Recent studies on almonds have focused on their biological activity and nutritional composition. Current pharmacological studies represent that almond has several biological activities, including prebiotic, antimicrobial, antioxidant, anti-inflammatory, anticancer, hepatoprotective, cardiometabolic protection, nootropic, anxiolytic, sedative-hypnotic, and nervous-improving effects [5]. Musarra-Pizzo et al. [6] described for the first time that natural almond skin exerts both anti-HSV type-1 and antimicrobial activity and could potentially be used in a topical formulation. Studies on the composition and characterization of almond macronutrients and micronutrients have shown that it has many nutritious ingredients such as fatty acids, lipids, amino acids, proteins, carbohydrates, vitamins, and minerals, as well as secondary metabolites [7]. Roncero et al. [8] found that almonds contain a considerable amount of high-quality protein, mainly globulins, essential minerals, and fiber and are low in sugar, in addition to containing many phytochemicals with potential health benefits. However, less research has been performed on almond’s volatile organic compounds.

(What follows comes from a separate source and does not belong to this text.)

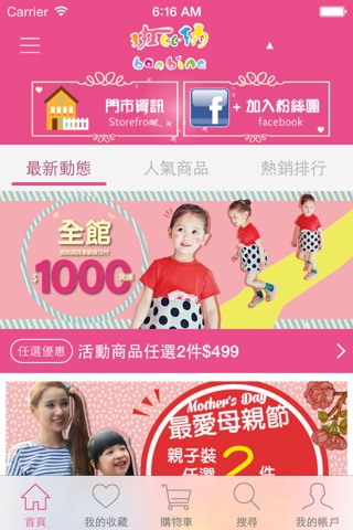 讓您一手掌握最新流行童裝穿搭及優惠通知,貼心的行動購物介面,方便您隨時線上查看店內新品。

Franklin and Mitchell [3] discussed the use of raw and heat-processed almonds, volatile compounds resulting from heating, aroma qualities associated with various odorants, and flavor development and off-flavors in almonds due to rancidity. Lipan et al. [9] identified 35 volatile compounds in almonds, and the key compounds for the roasting process were 2,5-dimethyl-pyrazine, furfural, and trimethyl pyrazine. King et al. [10] used descriptive sensory analysis to evaluate the sensory characteristics of 83 raw, whole almonds and demonstrated that the sensory characteristics of almond varieties of different origins differed. Oliveira et al. [11] found that benzaldehyde and 3-methyl-1-butanol are the main aroma compounds of raw almonds. However, no studies on the aroma substances of Chinese almonds have been found.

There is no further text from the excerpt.